(Excerpts from a dataset)
==============================

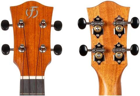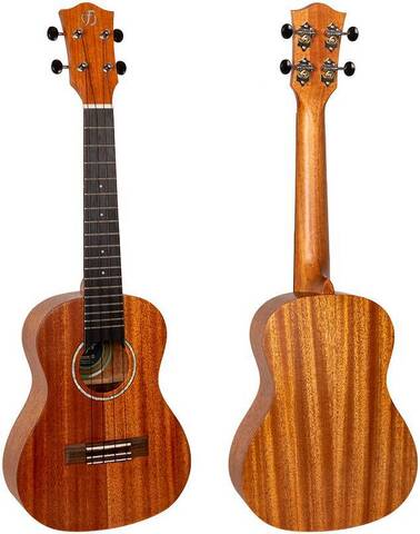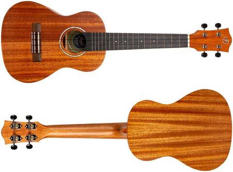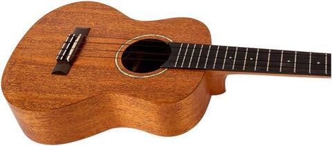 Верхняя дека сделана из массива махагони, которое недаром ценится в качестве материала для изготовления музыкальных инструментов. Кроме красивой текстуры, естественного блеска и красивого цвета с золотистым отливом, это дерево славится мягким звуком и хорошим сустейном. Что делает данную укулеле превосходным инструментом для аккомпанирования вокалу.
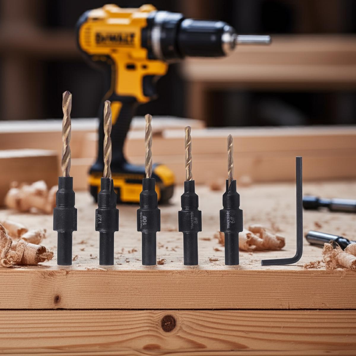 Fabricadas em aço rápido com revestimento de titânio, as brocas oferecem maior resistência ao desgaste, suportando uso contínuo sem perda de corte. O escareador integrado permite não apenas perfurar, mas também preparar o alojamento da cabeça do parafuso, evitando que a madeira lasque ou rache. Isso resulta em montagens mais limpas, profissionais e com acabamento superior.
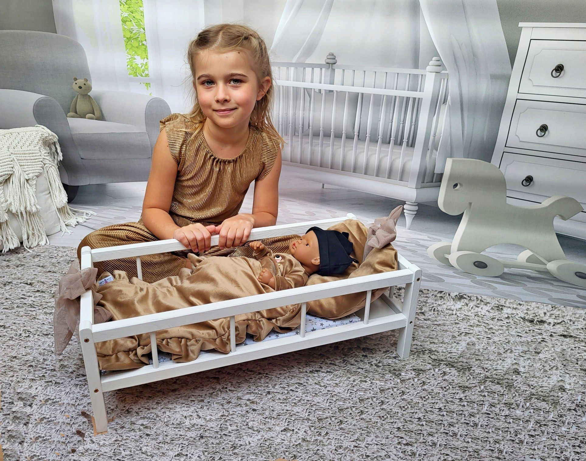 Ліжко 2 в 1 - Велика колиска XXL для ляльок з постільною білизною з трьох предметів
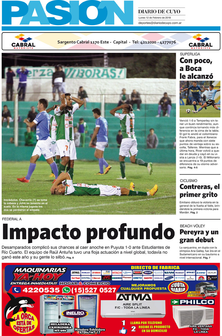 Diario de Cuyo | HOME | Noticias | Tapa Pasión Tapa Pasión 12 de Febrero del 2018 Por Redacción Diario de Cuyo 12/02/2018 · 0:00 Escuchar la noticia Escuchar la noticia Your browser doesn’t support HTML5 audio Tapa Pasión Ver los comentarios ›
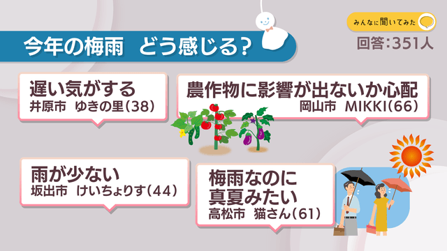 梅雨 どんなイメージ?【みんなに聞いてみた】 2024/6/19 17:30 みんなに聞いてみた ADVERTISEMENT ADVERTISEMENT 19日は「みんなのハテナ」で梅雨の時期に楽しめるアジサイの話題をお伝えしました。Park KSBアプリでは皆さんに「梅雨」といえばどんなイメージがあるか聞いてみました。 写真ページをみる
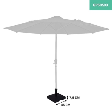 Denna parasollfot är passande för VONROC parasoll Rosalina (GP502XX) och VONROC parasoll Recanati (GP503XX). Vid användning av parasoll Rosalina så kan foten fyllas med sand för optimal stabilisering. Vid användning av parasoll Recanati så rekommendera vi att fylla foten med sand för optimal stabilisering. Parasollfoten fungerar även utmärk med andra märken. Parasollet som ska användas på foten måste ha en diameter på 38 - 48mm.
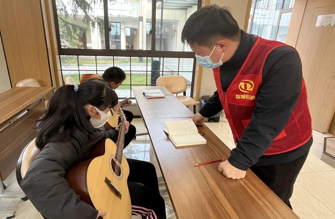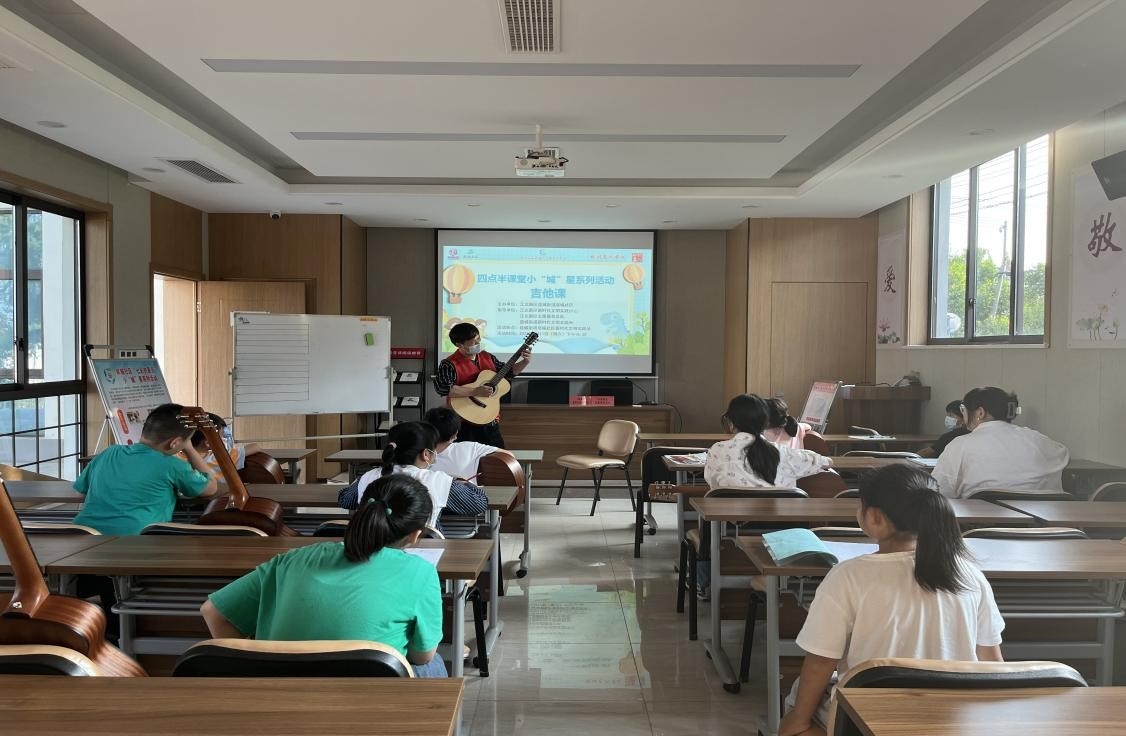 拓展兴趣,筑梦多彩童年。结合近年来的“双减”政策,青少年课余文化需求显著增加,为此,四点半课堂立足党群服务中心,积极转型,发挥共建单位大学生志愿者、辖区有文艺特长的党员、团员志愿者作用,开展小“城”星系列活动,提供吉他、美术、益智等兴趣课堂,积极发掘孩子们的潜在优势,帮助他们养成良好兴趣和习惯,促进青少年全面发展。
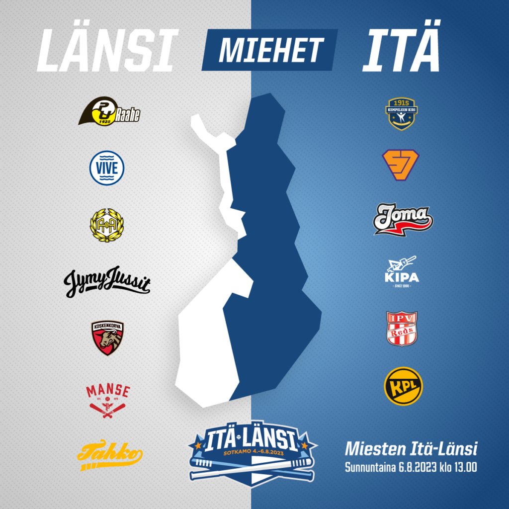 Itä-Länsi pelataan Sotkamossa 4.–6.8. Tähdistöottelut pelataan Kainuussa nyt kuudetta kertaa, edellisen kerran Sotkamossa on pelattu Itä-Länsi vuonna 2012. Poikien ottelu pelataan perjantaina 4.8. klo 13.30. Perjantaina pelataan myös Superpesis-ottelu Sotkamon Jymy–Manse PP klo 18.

==============================

Work required ->
With the pictures omitted, restate word for word the lines above from the line that has "Fabricadas em aço" up to and including the line that has "Diario de Cuyo |", and no other lines.

Solution ->
 Fabricadas em aço rápido com revestimento de titânio, as brocas oferecem maior resistência ao desgaste, suportando uso contínuo sem perda de corte. O escareador integrado permite não apenas perfurar, mas também preparar o alojamento da cabeça do parafuso, evitando que a madeira lasque ou rache. Isso resulta em montagens mais limpas, profissionais e com acabamento superior.
 Ліжко 2 в 1 - Велика колиска XXL для ляльок з постільною білизною з трьох предметів
 Diario de Cuyo | HOME | Noticias | Tapa Pasión Tapa Pasión 12 de Febrero del 2018 Por Redacción Diario de Cuyo 12/02/2018 · 0:00 Escuchar la noticia Escuchar la noticia Your browser doesn’t support HTML5 audio Tapa Pasión Ver los comentarios ›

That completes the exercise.